The war was lost, but the morning report to the top boss, regardless said: “everything under control.”
To truly understand what is happening in Pakistan, you have to know how the country’s power system operates in two parallel realities. One is the actual ground reality, and the other is the sanitised version presented in daily reports and morning briefs, custom-built for one end consumer: the top boss.
The problem with hierarchical, mechanised institutions when operating under insecure and intellectually dishonest leadership is that nobody wants to be honest or the bearer of bad news. The result? Daily monitoring reports are first ‘tinkered with,’ then ‘adjusted,’ and, in the final days of the regime, utterly ‘distorted.’
This distortion serves a critical purpose. It adds to the confirmation bias and keeps the leader cocooned in a false sense of control while those around him continue with their short-term perks, privileges and promotions.

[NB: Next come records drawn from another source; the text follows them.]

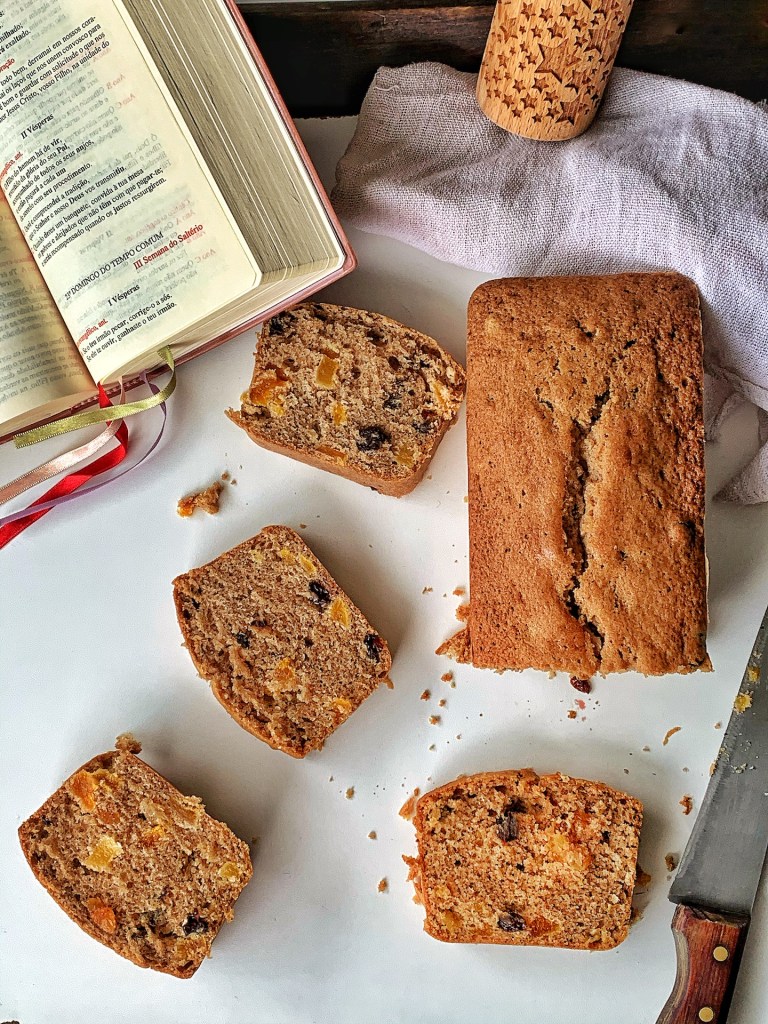 Questo plumcake vintage, abbastanza famoso nella cucina “religiosa” americana, coast-to-coast, soprattutto prima delle festività natalizie, tipica negli anni 1880 e 1890, altro non è che una torta speziata con una quantità enorme e deliziosa di frutta secca. La facevano in un grande connubio ecumenico presbiteriani, metodisti, luterani e cattolici. Ma la cosa più divertente è la storia. Era chiamata Torta delle Sacre Scritture, o Torta della Bibbia. Gli ingredienti non erano riportati normalmente, ma erano scritti come un indovinello. Si scriveva il versetto della Bibbia per poi cercare di sapere cosa c’era nella torta. Faccio un esempio: la ricetta richiede: “una tazza di Giudici 5:25″, cioè (andata a cercare!) si dovevano usare 226 g di burro. Da un lato, la catechesi domenicale, dall’altra si insegnava un po’ di abilità per fare dolci. Inoltre, spesso le donne della chiesa preparavano questi plumcake della Bibbia e poi vendevano fette di torta insieme a biglietti della lotteria per la raccolta di fondi. Di questi dolci ci sono piccole variazioni (sempre sull’uso e il tipo di frutta secca e di noci), ma dipende dalla Bibbia utilizzata. Mi sono preso la briga di cercare nella Bibbia italiana, ma le corrispondenze sono poche. Effettivamente, questa ricetta deriva dalla Bibbia anglosassone più tradizionale possibile (la versione del Re Giacomo). Siccome non c’è alcun riferimento biblico per il lievito chimico per dolci, lo si è aggiunto per farla più moderna.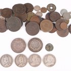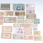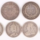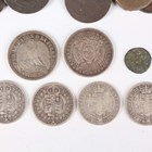 A collection of European and world coins and banknotes, including a Republic of Chile one peso 1884, Santiago Mint (good-very fine, toned), an Oriental Republic of Uruguay one peso 1877, four Victoria silver half-crowns, comprising 1887, 1888, 1894 and 1901, and a Roman Empire copper-alloy antoninianus 268-270 AD.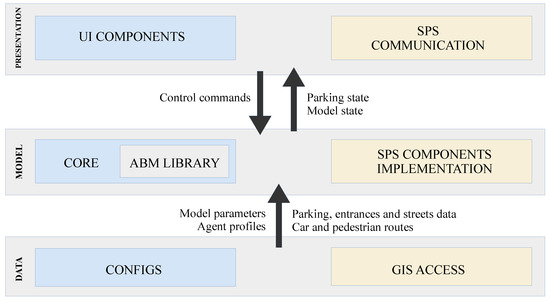 Simulator’s layered organization. SPS = smart parking systems; GIS = Geographic Information Systems; ABM = Agent-Based Modeling.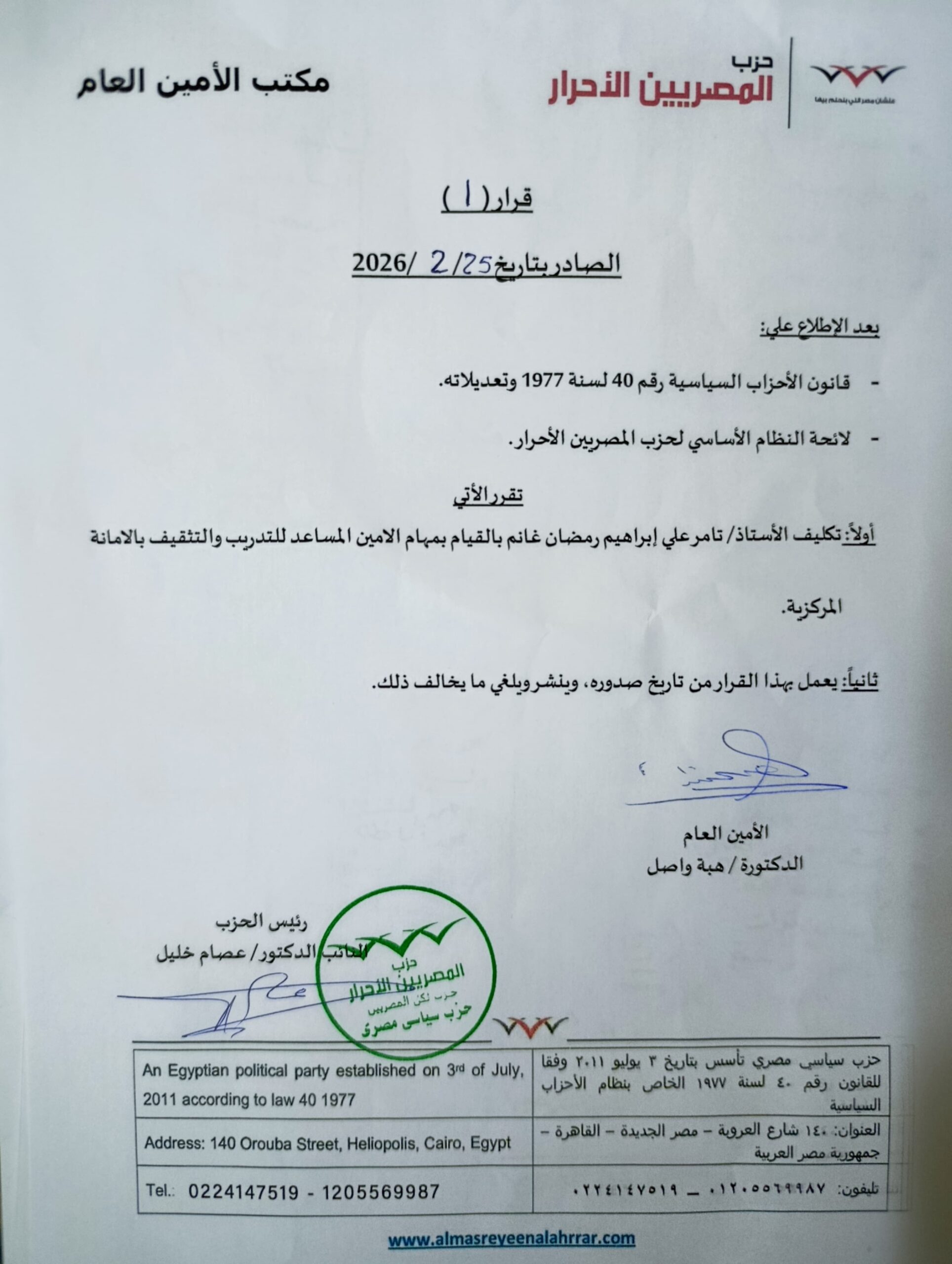 واعتمد القرار النائب الدكتور عصام خليل، رئيس الحزب، بعد الاطلاع على قانون الأحزاب السياسية رقم 40 لسنة 1977 وتعديلاته، ولائحة النظام الأساسي للحزب، حيث تقرر تكليف الدكتور تامر علي إبراهيم رمضان غانم بمهام الأمين المساعد للتدريب والتثقيف، على أن يُعمل بالقرار من تاريخ صدوره، ويُنشر، ويُلغى ما يخالفه من قرارات سابقة.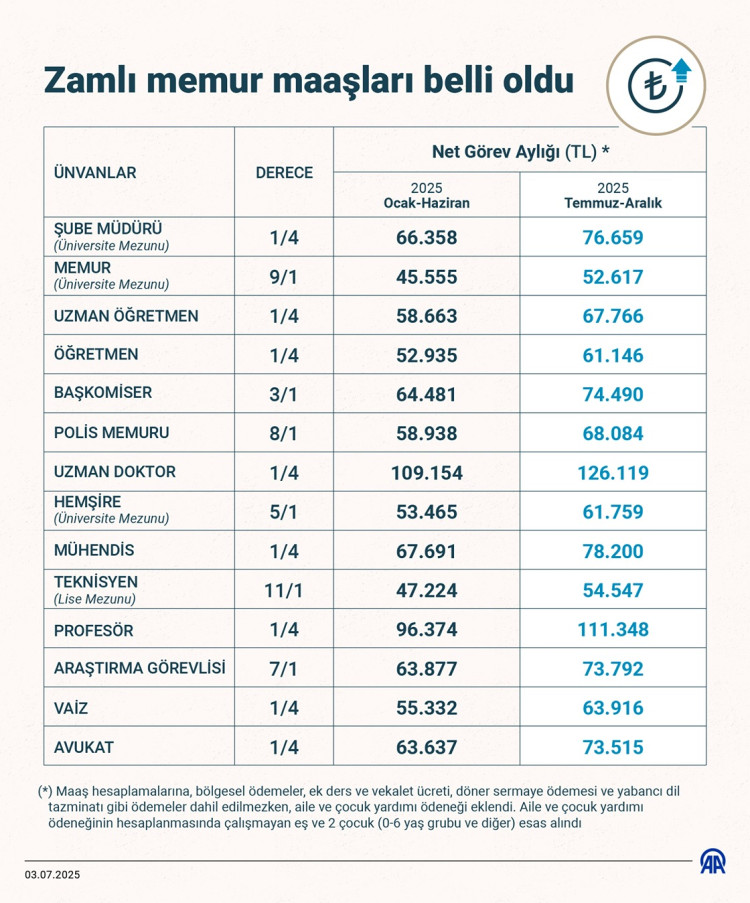 Bu artışlar neticesinde 2025 yılı temmuz dönemi itibarıyla bazı kamu görevlilerinin net görev aylığı şöyle belirlendi:

There’s a reason why there won’t be an internal coup the way we imagine it—through a midnight attack or takeover by morally upright officers—because the nature of the coup has changed, and it’s already underway on auto-pilot for while.
The very chain of command that is meant to serve the top boss is configured to insulate and sabotage the man in the high castle; a slow, painful coup simmering on low heat, inevitable but delayed by delusion.
The history is replete with the same script over and again, yet the fate of the dictator is to never learn.